Framing issue: goals and roadmap of cooklang-c #23
Description
Goals
C is the mother of all programming languages. Most of other languages support C code execution in one way or another. Hence the parser written in C can be wrapped in in other languages and require very little effort from us to provide consistent Cooklang support in variety of popular languages like Python, Ruby, Java, Go, NodeJS, etc. In addition it makes Cooklang evolution easier and reduces repeatability in required code updates for these parsers. In long-term this parser will replace Swift one in CLI.
Design principles
We want to make an end-user of downstream parsers experience the easiest. What it means is that if I'm, for example, a user of Cooklang Python module I shouldn't do anything else other than regular package installation and import to my project. Behind the scenes it should compile C extension for me.
That means:
- the repo should host C-file(s) of parser with no other system dependencies except standard.
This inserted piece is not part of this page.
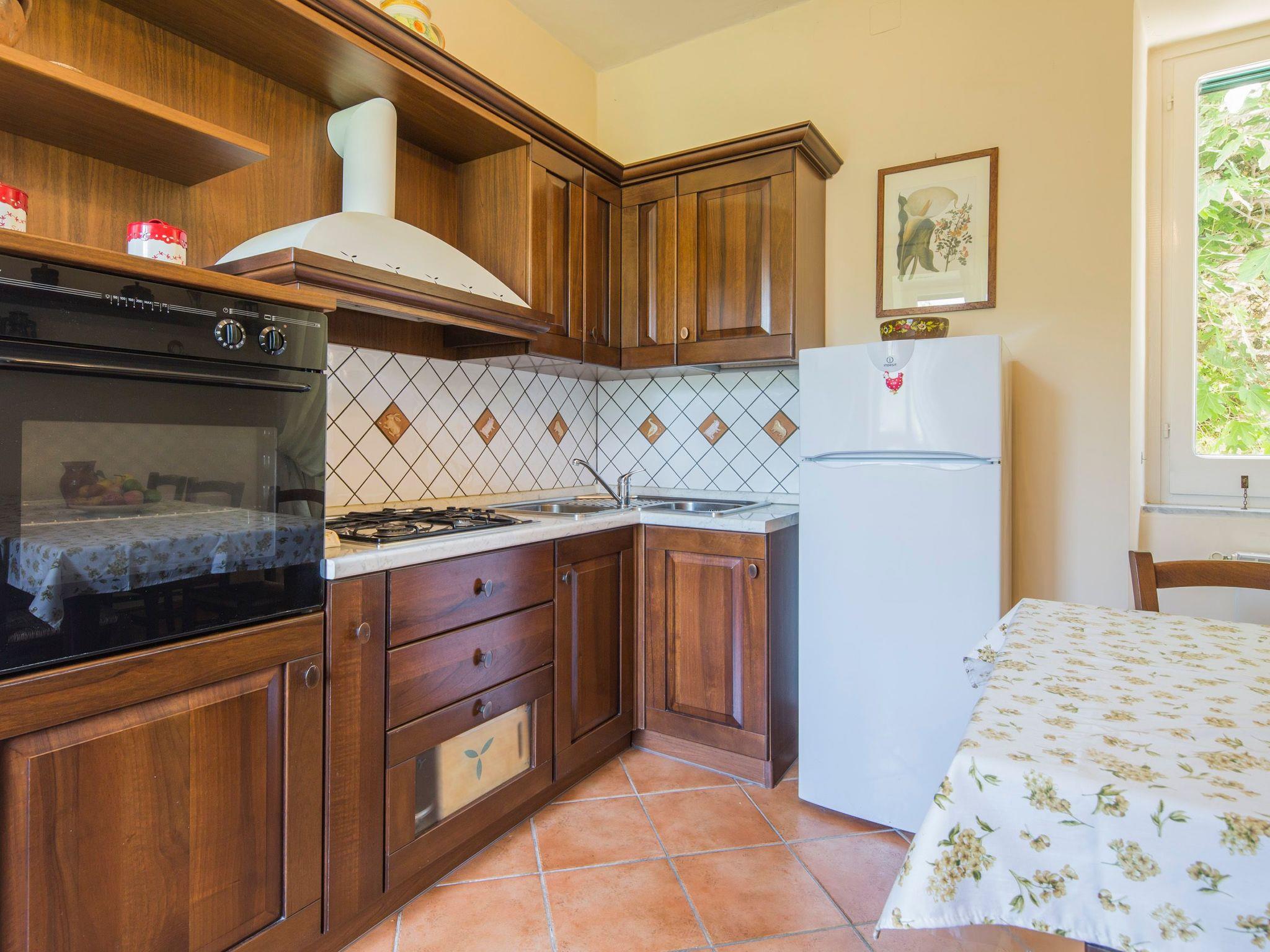 The house has an independent entrance and is built on two floors on the ancient fortified walls. On the first floor is the circular living room with a double sofa bed, fireplace, bookcase, TV, desk, and a large kitchen complete with appliances and utensils. On the first floor there is a bathroom with washbasin, bathtub/shower and bidet.

We want to avoid third party system library installation.
- we want to move away from filesystem level and operate in memory only (hence working only with strings). No cook file readings from C code. We move this responsibility to work with files to downstream parsers or apps.
- C-invocation should be pure. Considering that many languages have automated Garbage Collection we need to provide a way for proper management of objects life-cycle.
Roadmap
Here I outline first steps which are basically to make this parser production ready:
- Move Python extension related files to https://github.com/cooklang/cooklang-py and setup there a git-submodule which uses this parser. #26
- Restructure README and CONTRIBUTING pages. README should show how C-parser users can use it and cover input/output. We don't expect them to know anything about flex/bison. They just use precompiled version. CONTRIBUTING page should reference how people could make changes to C-parser project itself. There we cover flex/bison and friends. #29
- Create a GitHub action to build the parser from flex/bison definitions, including UTF related tables.
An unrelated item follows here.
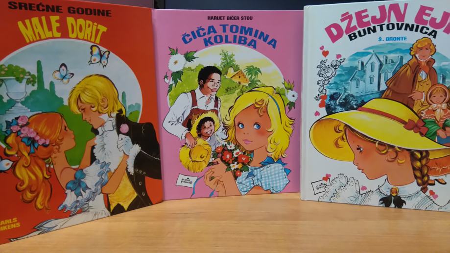 Prodajem nekorištene dječje knjige Čiča Tomina koliba, Buntovnica i Srećne godine male Dorit. Knjige imaju posvetu. Tvrdi uvez, Izdanje Oslobođenje Sarajevo, 1990.

- Add support for cook files with syntax errors. Definitely we don't want to crash. We need to do our best effort and guess some typical errors while reporting in data-structure position and expected syntax.
- Setup unit test framework and add other tests other than canonical.
- Consider using code generation instead of iteration over canonical tests definition for readability. #25
- Create common helper to combine ingredients with lemmatisation support.
After that we need to support features newly added into the spec (rough idea https://github.com/cooklang/CookCLI/milestones?direction=asc&sort=title&state=open). There's a chance of changing this parser to multi-pass parser to support servings (first pass for metadata and second for a recipe and adjusting amounts to scaled one).
Challenges
- UTF support
- evaluate Flex/Bison if it withstand future challenges:
- not flexible enough to implement forgiveness?
- error handling?
- performance? generated parser file is huge (12Mb)!